§ Aim of the exercise: Please set down only the lines below starting with the line with "Bu il yanvarın" and going on through the line with "2.4. Tx3a.1, Mr3.8", verbatim and without pictures.

[The input — start]

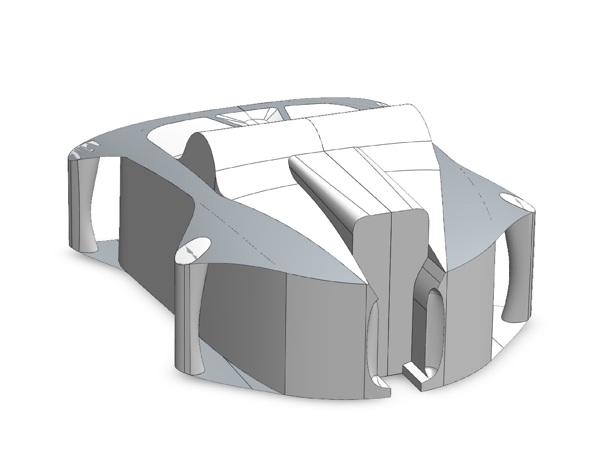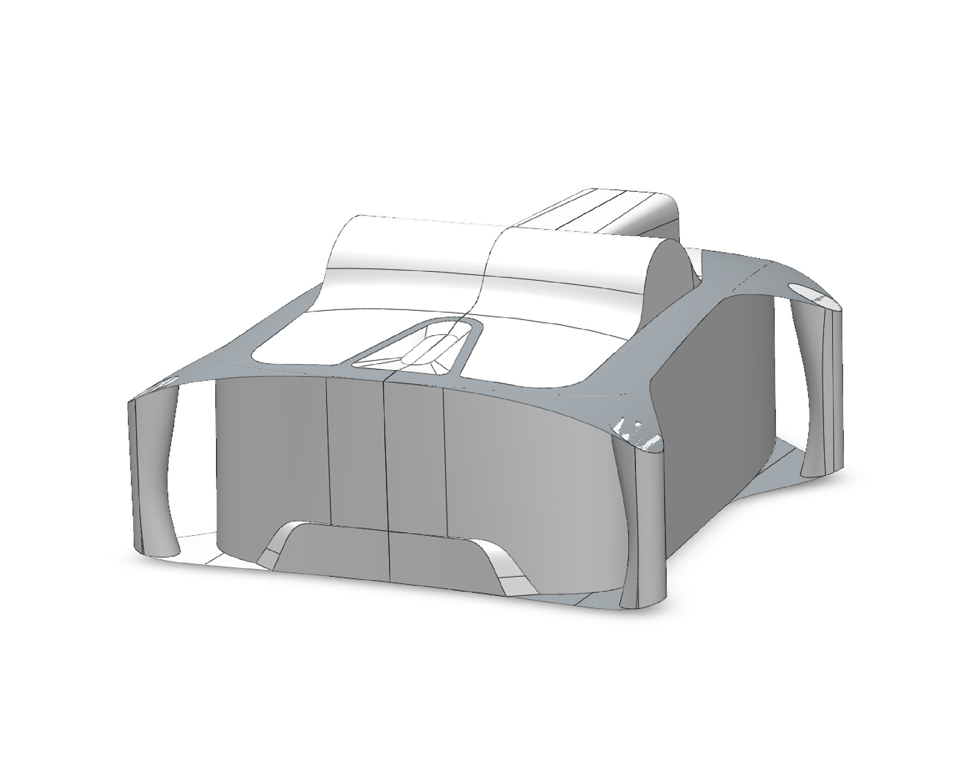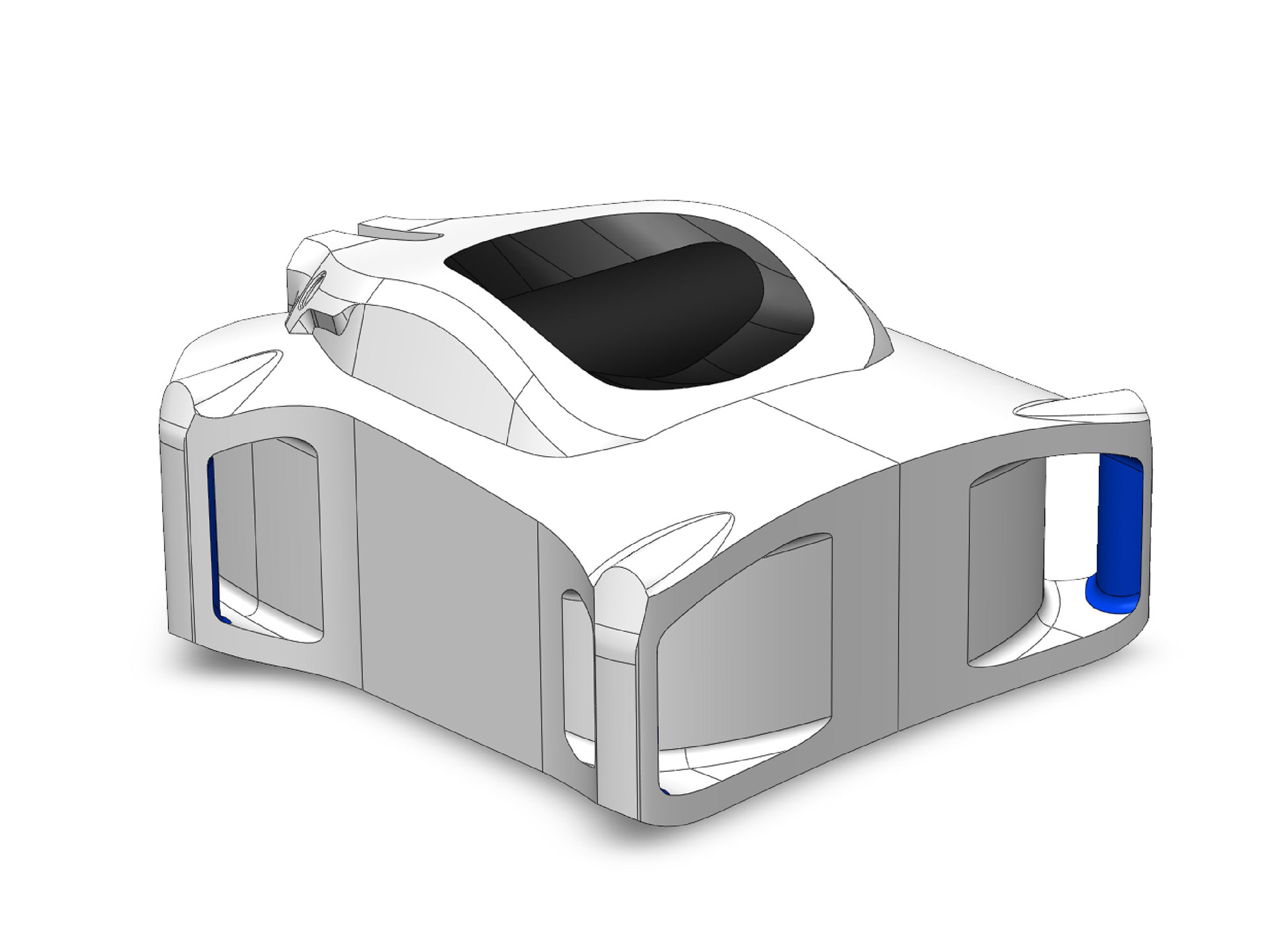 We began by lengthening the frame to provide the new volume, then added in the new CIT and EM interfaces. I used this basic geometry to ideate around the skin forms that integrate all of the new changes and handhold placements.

[The input — finish]
[The input — start]

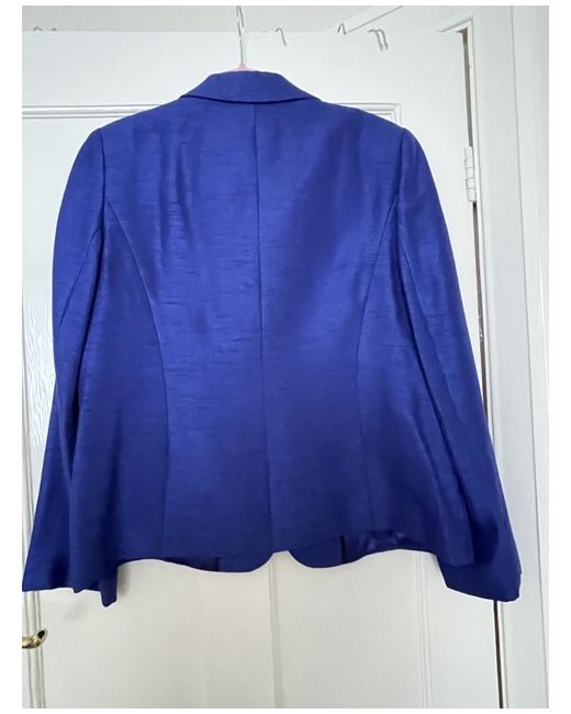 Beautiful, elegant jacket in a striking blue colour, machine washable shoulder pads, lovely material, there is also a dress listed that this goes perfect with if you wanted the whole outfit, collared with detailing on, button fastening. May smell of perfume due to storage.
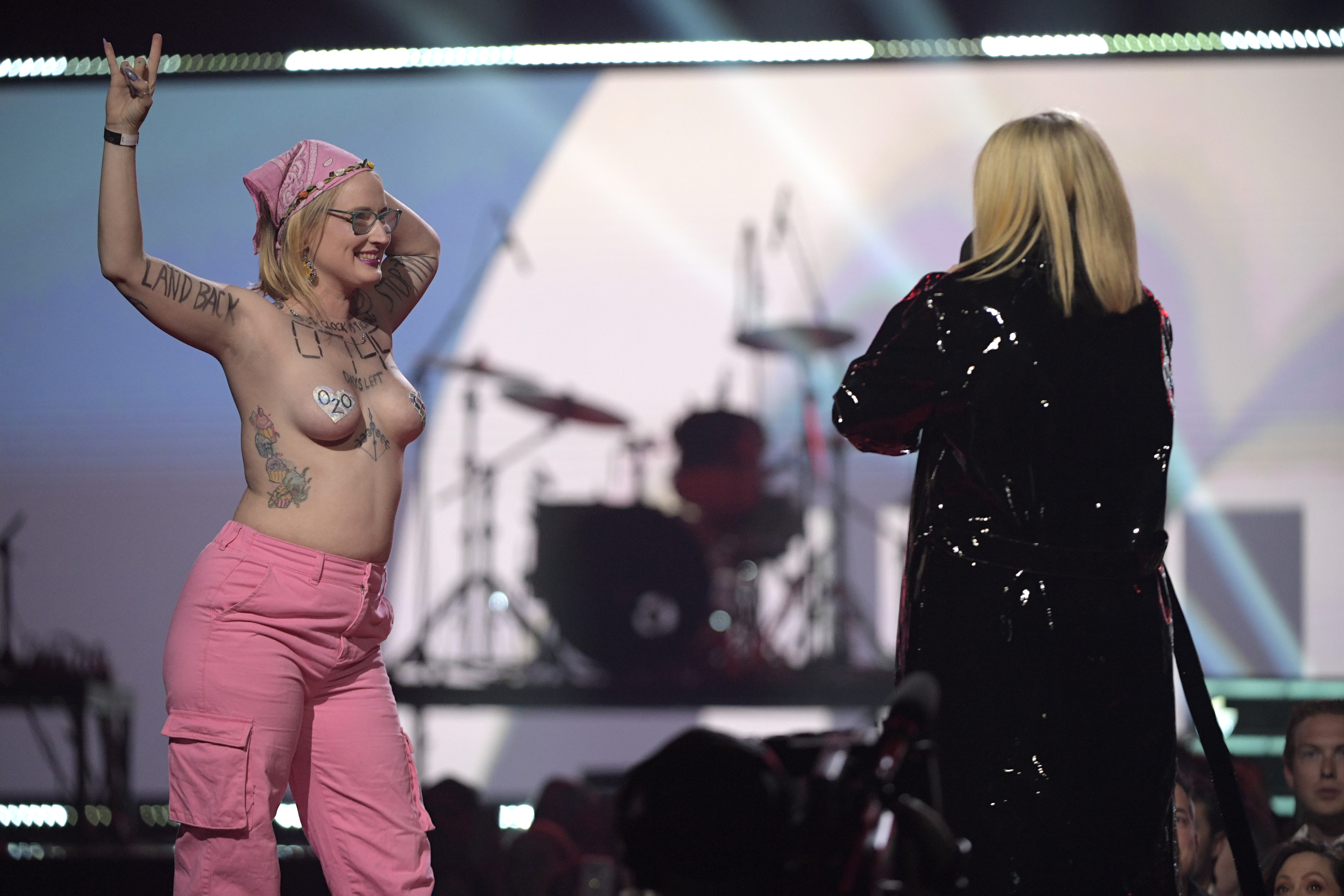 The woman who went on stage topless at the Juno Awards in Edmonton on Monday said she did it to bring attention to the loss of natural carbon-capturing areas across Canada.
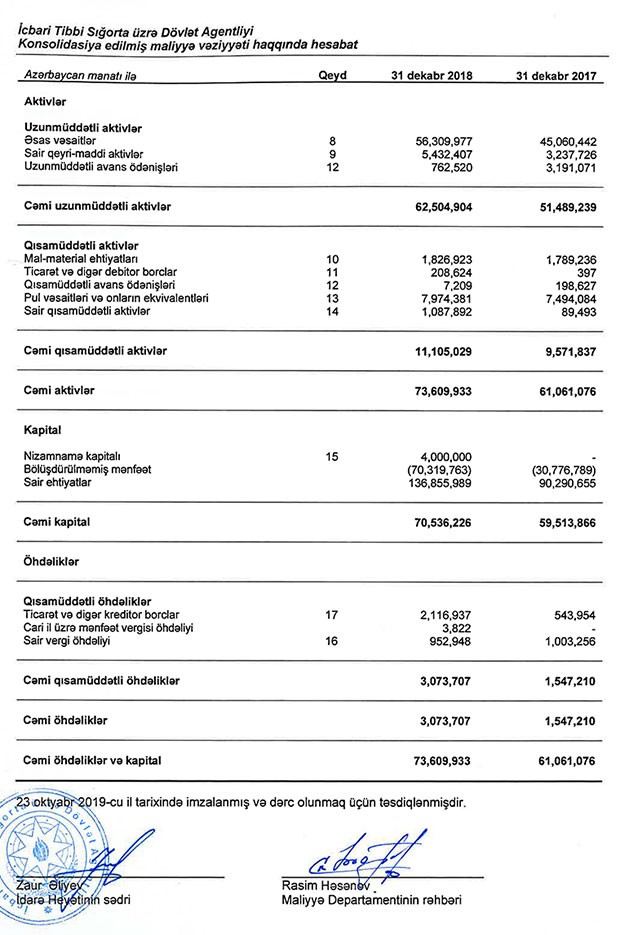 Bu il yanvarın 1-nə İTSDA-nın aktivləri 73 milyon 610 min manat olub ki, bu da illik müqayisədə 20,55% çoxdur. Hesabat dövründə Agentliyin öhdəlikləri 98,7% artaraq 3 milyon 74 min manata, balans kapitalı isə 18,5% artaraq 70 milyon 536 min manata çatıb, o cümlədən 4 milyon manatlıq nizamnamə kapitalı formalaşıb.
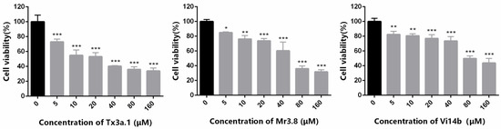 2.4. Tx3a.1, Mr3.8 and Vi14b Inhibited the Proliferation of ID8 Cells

[The input — finish]

§ Your response:
 Bu il yanvarın 1-nə İTSDA-nın aktivləri 73 milyon 610 min manat olub ki, bu da illik müqayisədə 20,55% çoxdur. Hesabat dövründə Agentliyin öhdəlikləri 98,7% artaraq 3 milyon 74 min manata, balans kapitalı isə 18,5% artaraq 70 milyon 536 min manata çatıb, o cümlədən 4 milyon manatlıq nizamnamə kapitalı formalaşıb.
 2.4. Tx3a.1, Mr3.8 and Vi14b Inhibited the Proliferation of ID8 Cells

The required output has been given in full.